Work request
From the first line to the last, restate the data exactly, leaving out the images.

Provided entries

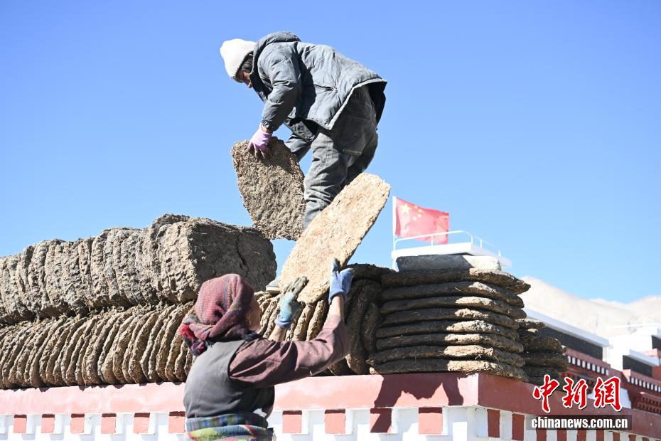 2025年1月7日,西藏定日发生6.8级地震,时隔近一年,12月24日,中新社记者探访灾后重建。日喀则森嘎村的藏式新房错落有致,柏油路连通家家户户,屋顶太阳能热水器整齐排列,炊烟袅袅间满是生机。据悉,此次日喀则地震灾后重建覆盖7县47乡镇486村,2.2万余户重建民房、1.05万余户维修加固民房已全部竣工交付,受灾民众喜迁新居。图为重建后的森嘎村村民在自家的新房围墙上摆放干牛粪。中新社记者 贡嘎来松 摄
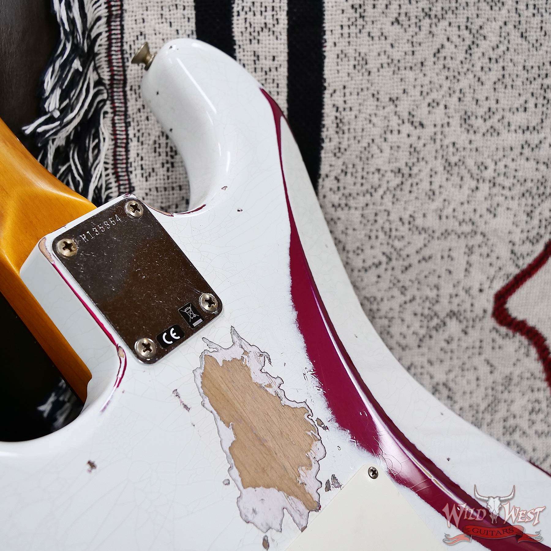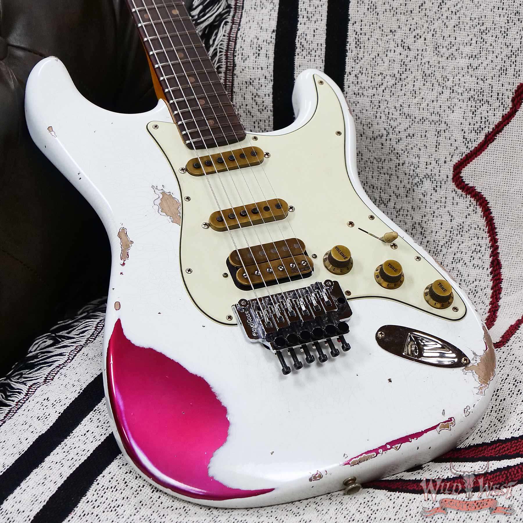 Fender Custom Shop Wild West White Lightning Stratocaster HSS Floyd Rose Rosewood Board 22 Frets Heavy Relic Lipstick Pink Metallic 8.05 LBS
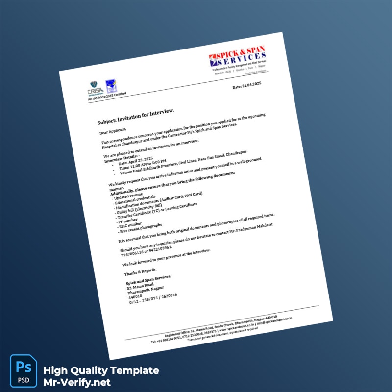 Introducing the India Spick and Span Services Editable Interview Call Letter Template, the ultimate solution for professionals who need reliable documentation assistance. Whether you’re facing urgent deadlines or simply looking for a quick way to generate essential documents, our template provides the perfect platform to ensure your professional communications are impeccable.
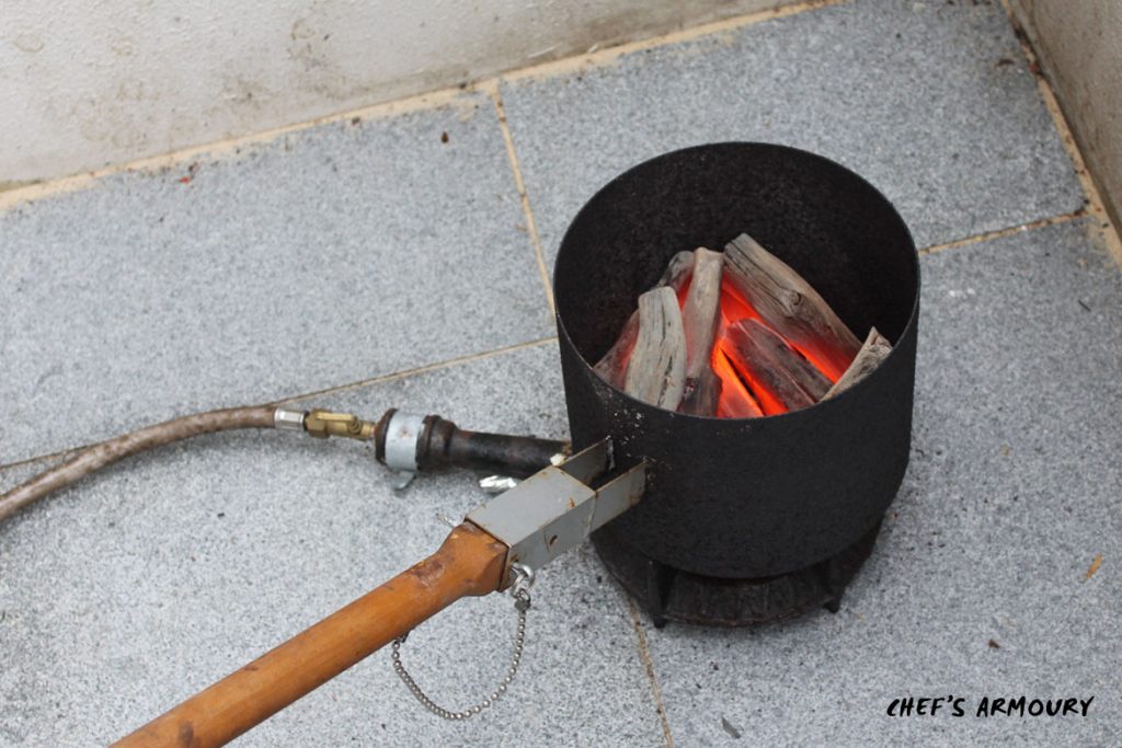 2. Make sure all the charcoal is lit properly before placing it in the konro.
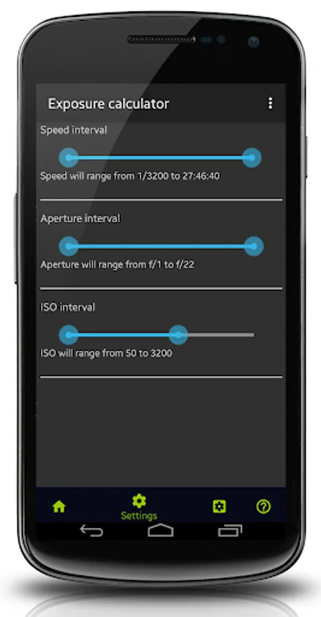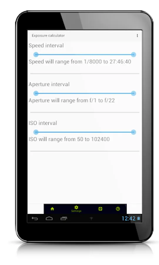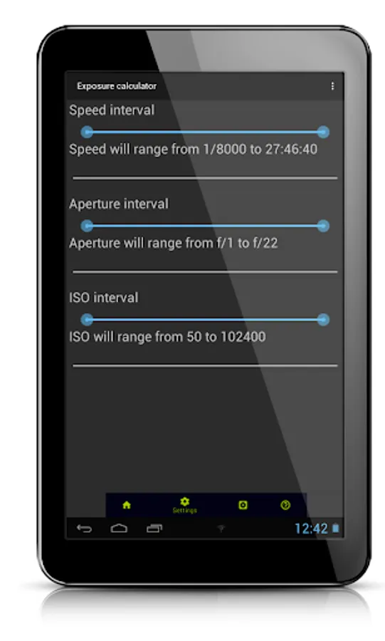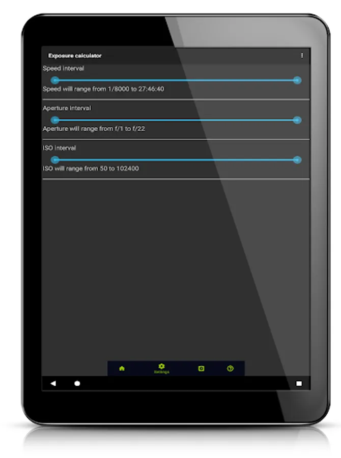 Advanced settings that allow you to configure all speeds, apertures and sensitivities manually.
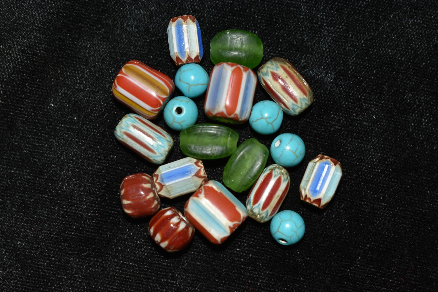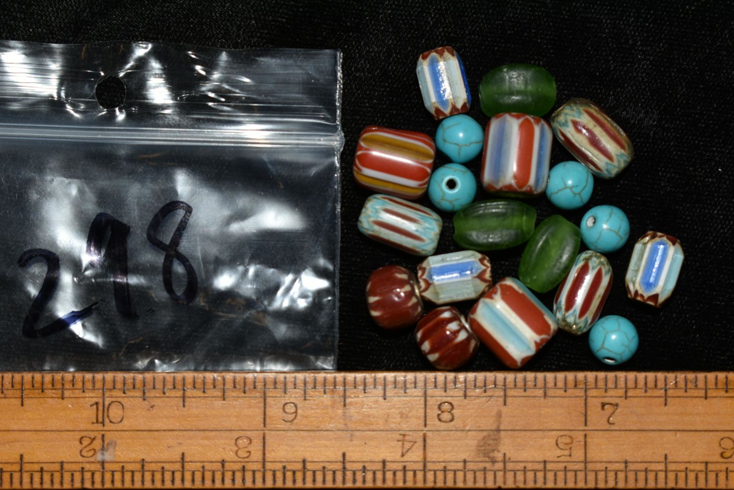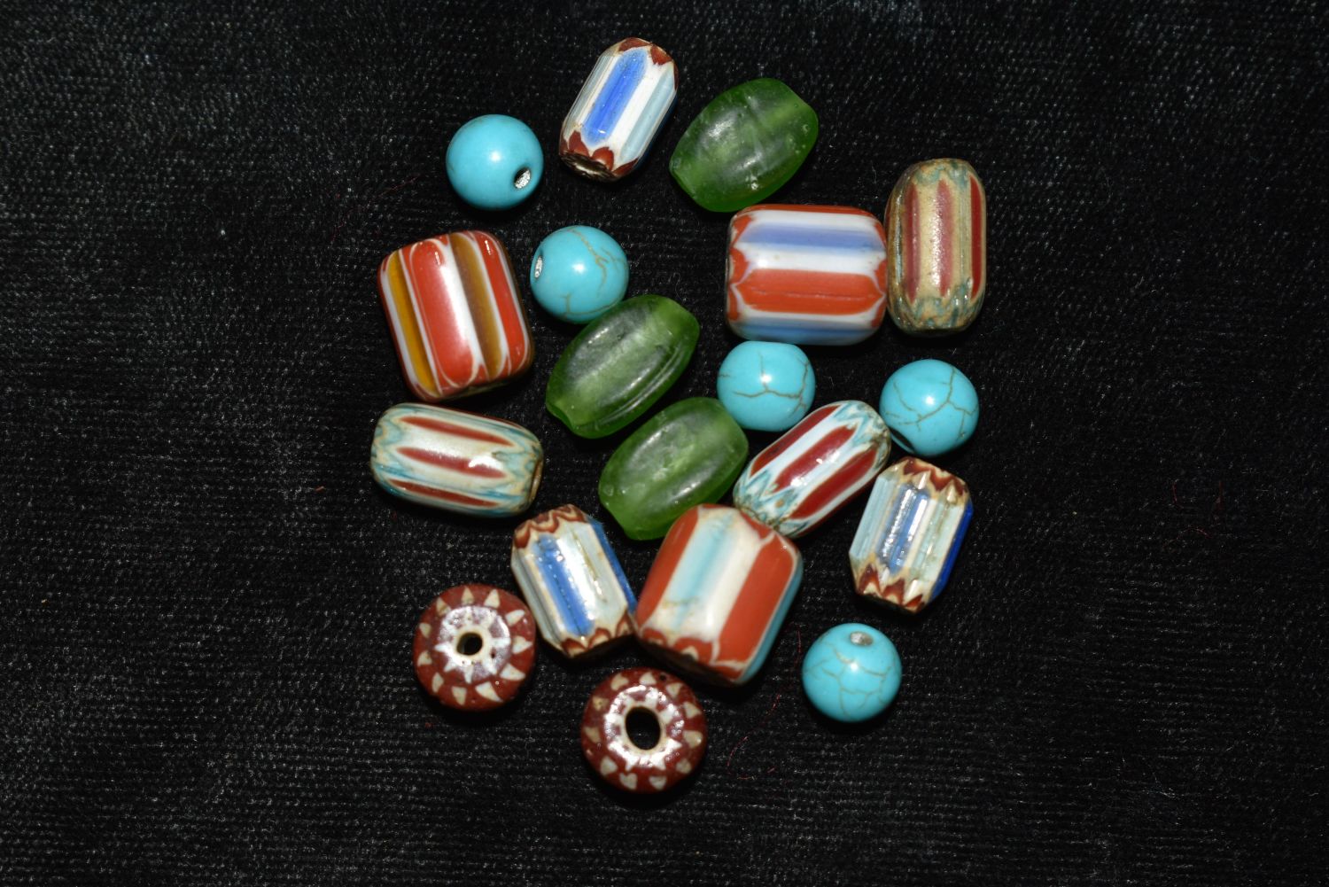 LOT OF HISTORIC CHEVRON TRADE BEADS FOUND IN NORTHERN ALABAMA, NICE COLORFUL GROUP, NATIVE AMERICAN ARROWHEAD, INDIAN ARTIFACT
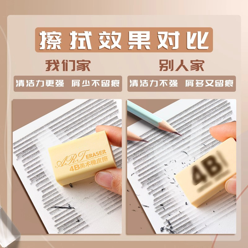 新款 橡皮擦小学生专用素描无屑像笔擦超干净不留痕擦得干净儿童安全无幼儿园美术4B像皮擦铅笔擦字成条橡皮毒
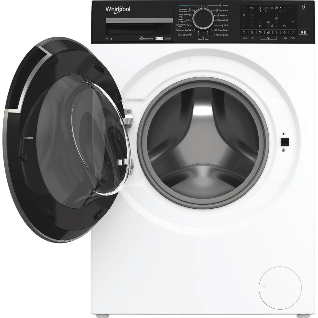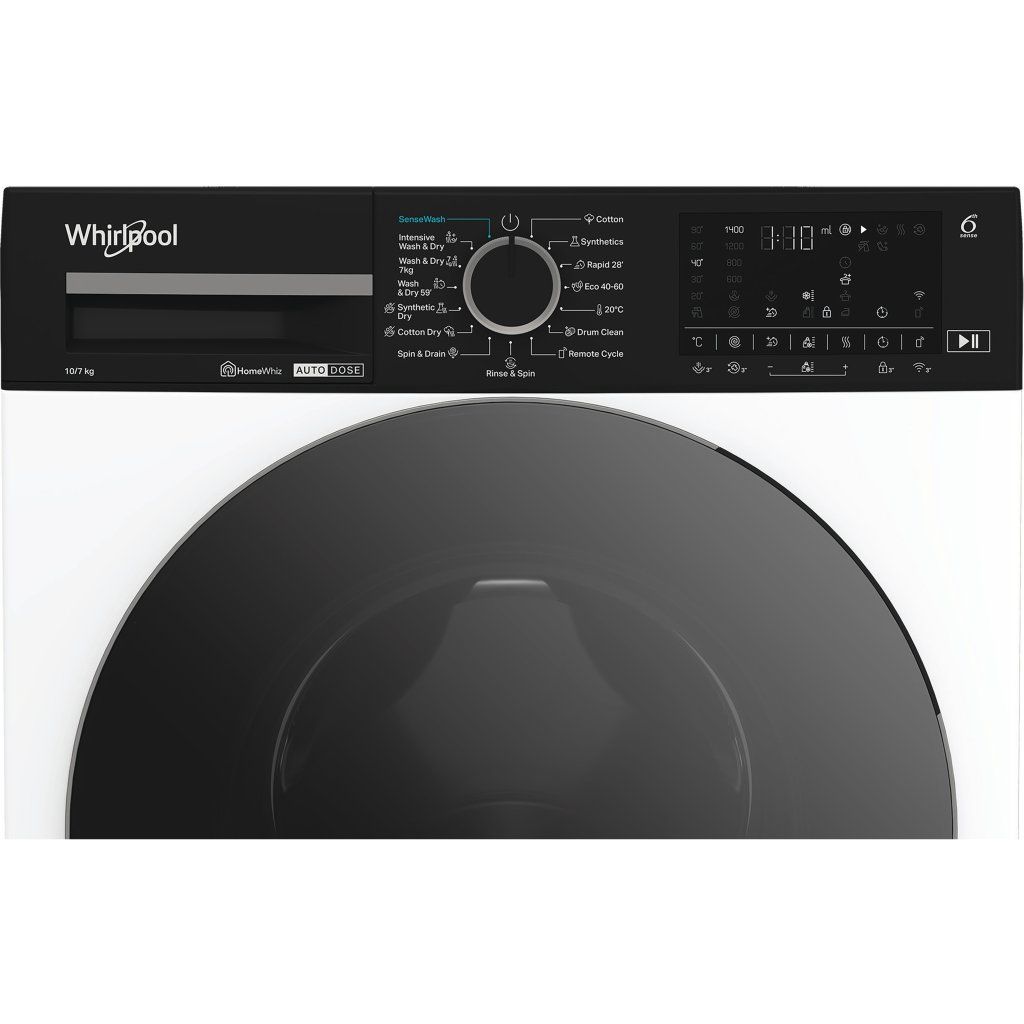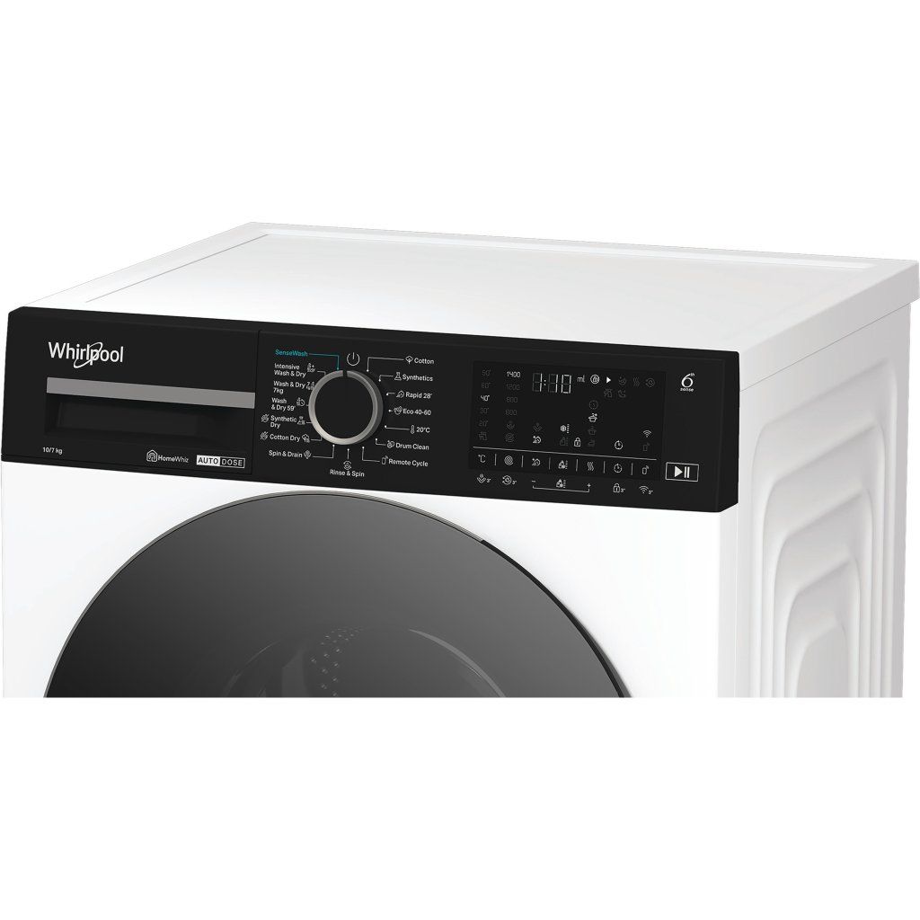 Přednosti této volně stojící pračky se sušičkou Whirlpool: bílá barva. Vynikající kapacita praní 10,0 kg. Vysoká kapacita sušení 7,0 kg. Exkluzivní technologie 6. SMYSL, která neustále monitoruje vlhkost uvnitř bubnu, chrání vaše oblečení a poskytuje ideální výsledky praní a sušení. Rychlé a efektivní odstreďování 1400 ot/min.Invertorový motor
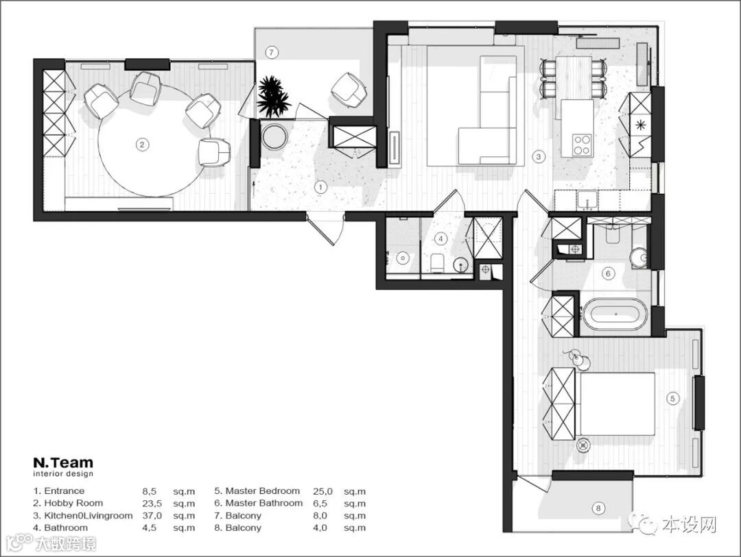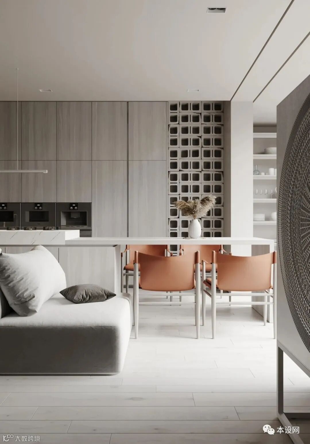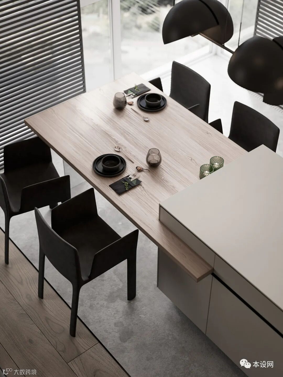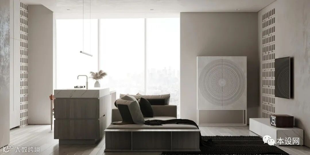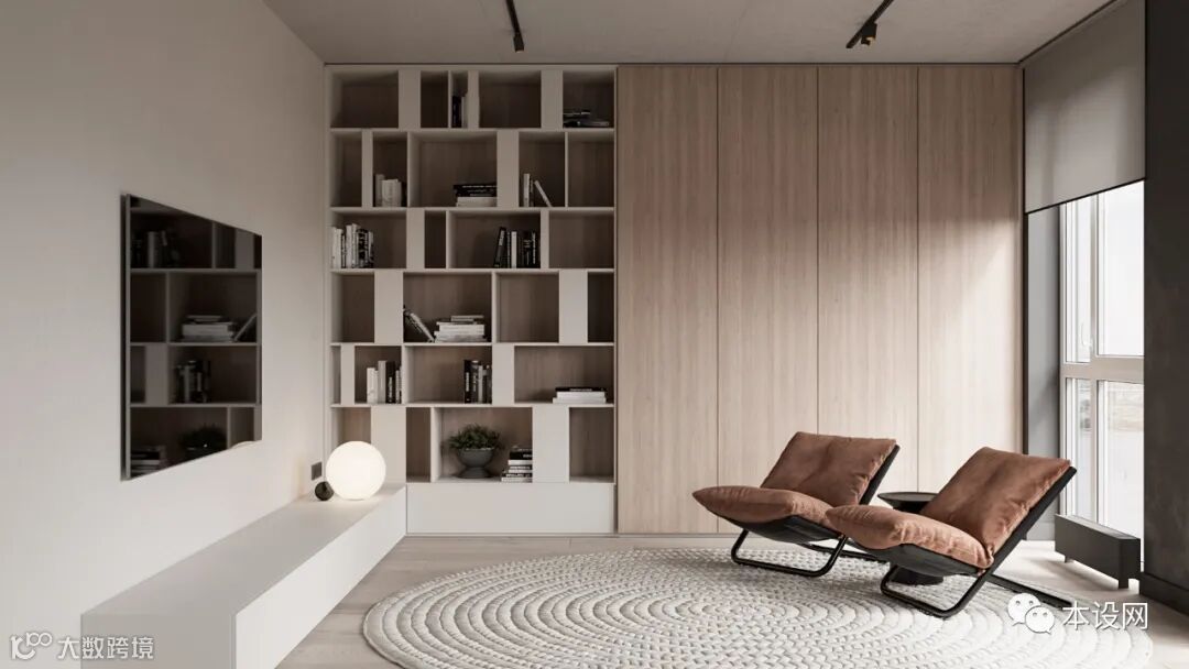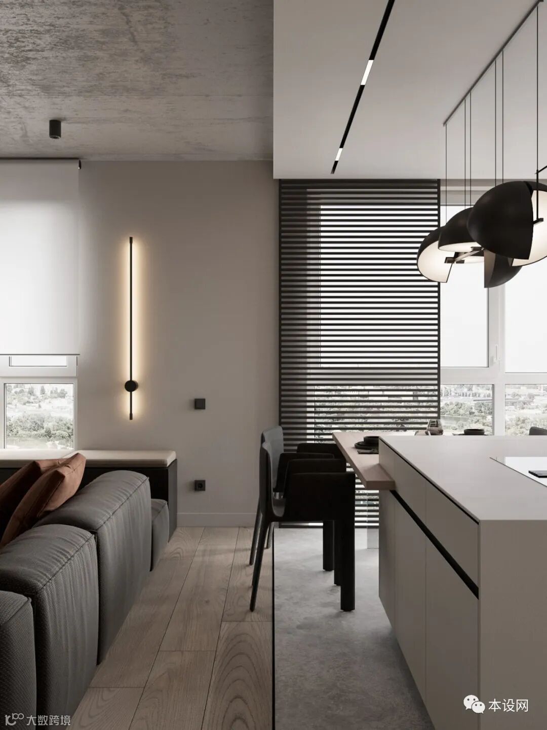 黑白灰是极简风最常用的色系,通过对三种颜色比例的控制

Your solution
 2025年1月7日,西藏定日发生6.8级地震,时隔近一年,12月24日,中新社记者探访灾后重建。日喀则森嘎村的藏式新房错落有致,柏油路连通家家户户,屋顶太阳能热水器整齐排列,炊烟袅袅间满是生机。据悉,此次日喀则地震灾后重建覆盖7县47乡镇486村,2.2万余户重建民房、1.05万余户维修加固民房已全部竣工交付,受灾民众喜迁新居。图为重建后的森嘎村村民在自家的新房围墙上摆放干牛粪。中新社记者 贡嘎来松 摄
 Fender Custom Shop Wild West White Lightning Stratocaster HSS Floyd Rose Rosewood Board 22 Frets Heavy Relic Lipstick Pink Metallic 8.05 LBS
 Introducing the India Spick and Span Services Editable Interview Call Letter Template, the ultimate solution for professionals who need reliable documentation assistance. Whether you’re facing urgent deadlines or simply looking for a quick way to generate essential documents, our template provides the perfect platform to ensure your professional communications are impeccable.
 2. Make sure all the charcoal is lit properly before placing it in the konro.
 Advanced settings that allow you to configure all speeds, apertures and sensitivities manually.
 LOT OF HISTORIC CHEVRON TRADE BEADS FOUND IN NORTHERN ALABAMA, NICE COLORFUL GROUP, NATIVE AMERICAN ARROWHEAD, INDIAN ARTIFACT
 新款 橡皮擦小学生专用素描无屑像笔擦超干净不留痕擦得干净儿童安全无幼儿园美术4B像皮擦铅笔擦字成条橡皮毒
 Přednosti této volně stojící pračky se sušičkou Whirlpool: bílá barva. Vynikající kapacita praní 10,0 kg. Vysoká kapacita sušení 7,0 kg. Exkluzivní technologie 6. SMYSL, která neustále monitoruje vlhkost uvnitř bubnu, chrání vaše oblečení a poskytuje ideální výsledky praní a sušení. Rychlé a efektivní odstreďování 1400 ot/min.Invertorový motor
 黑白灰是极简风最常用的色系,通过对三种颜色比例的控制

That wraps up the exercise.